Observatório da Criminalidade

Há duas maneiras de participar do levantamento da CNA sobre criminalidade no campo, que continuará ativo. A primeira delas é enviar relatos por meio do Observatório da Criminalidade na página da CNA na internet. Outra é denunciar pelo Whatsapp da CNA, pelo telefone: (61) 99834-7773. Em ambos os casos identidade do cidadão é mantida em sigilo.

Crimes em áreas rurais

Ao todo, mais de 150 amostras foram coletadas pelo Instituto CNA em 17 estados através do Observatório da Criminalidade no Campo, criado em 2017. Os furtos representaram 49% dos crimes ocorridos, seguidos por roubos (33%), depredação (12%), assassinatos (3%) e queimas (3%).

Como explica a pesquisa, apenas 11 unidades federativas (entre os 26 estados mais o Distrito Federal) enviaram algum tipo de dado por meio da secretaria de segurança pública. Os principais registros, a exemplo da pesquisa da CNA, referem-se a furtos e roubos.

“São roubos de medicamentos veterinários, gado, agroquímicos, entre outros. Muitas vezes, são produtos de pouco volume e muito valor, já que um galão de três litros de herbicida pode chegar a R$ 5 mil. Houve casos de roubo logo na chegada dos produtos em cooperativas”, revela Sanches. “Inclusive sugerimos que grandes conglomerados de produtores e cooperativas informem à polícia quando irá acontecer a chegada desse produtos”, completa.

Roubos perto da cidade

O secretário-executivo do Instituto CNA destaca que uma surpresa foi a localização dos roubos: a maioria dos casos acontece a menos de 50 km da sede do município.
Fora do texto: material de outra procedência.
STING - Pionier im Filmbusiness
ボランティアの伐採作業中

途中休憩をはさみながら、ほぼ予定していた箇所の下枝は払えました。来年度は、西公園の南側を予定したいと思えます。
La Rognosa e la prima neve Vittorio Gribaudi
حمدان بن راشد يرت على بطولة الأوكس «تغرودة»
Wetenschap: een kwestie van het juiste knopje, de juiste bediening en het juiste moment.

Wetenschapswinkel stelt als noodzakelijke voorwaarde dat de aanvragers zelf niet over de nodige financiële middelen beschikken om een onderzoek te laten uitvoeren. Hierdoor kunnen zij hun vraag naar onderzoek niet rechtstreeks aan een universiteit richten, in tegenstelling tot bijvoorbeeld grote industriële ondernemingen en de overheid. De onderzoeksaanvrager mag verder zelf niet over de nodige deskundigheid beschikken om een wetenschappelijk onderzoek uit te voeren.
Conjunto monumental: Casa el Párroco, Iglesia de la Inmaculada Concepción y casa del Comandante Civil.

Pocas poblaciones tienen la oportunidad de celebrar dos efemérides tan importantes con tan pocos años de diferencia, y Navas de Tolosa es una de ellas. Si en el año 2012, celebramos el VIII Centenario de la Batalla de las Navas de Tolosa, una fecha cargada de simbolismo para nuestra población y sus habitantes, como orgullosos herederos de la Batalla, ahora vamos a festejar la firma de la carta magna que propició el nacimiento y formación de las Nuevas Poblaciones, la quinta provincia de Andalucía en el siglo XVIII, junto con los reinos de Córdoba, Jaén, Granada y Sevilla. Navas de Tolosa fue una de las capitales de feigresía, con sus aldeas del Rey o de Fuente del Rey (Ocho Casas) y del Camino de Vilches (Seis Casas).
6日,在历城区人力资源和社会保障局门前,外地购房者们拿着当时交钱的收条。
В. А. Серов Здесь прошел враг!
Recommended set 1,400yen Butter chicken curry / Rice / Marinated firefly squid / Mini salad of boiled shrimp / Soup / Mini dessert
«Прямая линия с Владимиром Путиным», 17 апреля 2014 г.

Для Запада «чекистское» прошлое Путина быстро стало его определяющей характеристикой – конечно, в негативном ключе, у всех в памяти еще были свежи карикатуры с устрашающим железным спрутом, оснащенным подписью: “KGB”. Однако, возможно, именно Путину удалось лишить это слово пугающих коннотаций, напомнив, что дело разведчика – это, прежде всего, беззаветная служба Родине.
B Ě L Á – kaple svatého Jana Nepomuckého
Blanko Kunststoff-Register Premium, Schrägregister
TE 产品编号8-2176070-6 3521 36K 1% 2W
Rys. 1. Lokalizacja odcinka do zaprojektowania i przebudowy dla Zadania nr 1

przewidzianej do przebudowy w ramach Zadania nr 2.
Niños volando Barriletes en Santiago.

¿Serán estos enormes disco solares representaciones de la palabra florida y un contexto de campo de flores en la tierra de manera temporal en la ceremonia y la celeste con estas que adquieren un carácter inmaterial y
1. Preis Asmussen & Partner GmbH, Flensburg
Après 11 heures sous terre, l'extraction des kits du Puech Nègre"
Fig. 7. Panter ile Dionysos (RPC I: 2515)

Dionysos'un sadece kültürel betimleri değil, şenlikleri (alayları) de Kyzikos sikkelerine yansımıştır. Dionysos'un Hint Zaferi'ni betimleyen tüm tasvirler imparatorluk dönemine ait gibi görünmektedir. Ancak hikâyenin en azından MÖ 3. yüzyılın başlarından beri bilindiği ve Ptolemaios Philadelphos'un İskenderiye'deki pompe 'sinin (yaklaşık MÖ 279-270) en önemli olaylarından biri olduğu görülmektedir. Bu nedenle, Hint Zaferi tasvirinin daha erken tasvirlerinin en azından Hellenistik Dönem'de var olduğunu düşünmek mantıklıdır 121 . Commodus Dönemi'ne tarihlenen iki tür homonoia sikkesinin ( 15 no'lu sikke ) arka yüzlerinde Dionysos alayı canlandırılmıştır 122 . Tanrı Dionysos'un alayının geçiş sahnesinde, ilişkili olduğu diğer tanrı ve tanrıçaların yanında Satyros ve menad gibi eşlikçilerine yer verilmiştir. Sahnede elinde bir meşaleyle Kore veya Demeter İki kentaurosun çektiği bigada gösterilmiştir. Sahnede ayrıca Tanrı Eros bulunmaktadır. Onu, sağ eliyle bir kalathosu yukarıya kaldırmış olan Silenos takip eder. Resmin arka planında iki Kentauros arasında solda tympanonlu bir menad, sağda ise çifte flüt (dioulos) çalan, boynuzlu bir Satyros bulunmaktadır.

“Podem até ser roubos de oportunidade, mas podemos estimar que as ações são de quadrilhas especializadas em roubo de implementos e produtos agrícolas”, diz. Em um caso, um caminhão ‘encostou’ do lado da fazenda para roubar 200 sacas de café.


Medidas sugeridas

O estudo da CNA sugere 12 propostas. Uma das mais importantes, afirma André Sanchez, é a padronização do relato de ocorrências, para que seja fácil verificar os tipos de roubo, a localização, o perfil das ocorrências, além do tamanho das propriedades que costumam ser assaltadas.

Outra sugestão é a presença de delegacias especializadas em ocorrências no campo. “Isso já existe no Rio Grande do Sul e está surtindo resultados, com a diminuição dos casos”, afirma Sanches. Neste sentido, a CNA sugere a criação de uma ouvidoria nacional. Além disso, o representante da entidade pede mudança da legislação, aumentando a pena para receptadores de produtos roubados.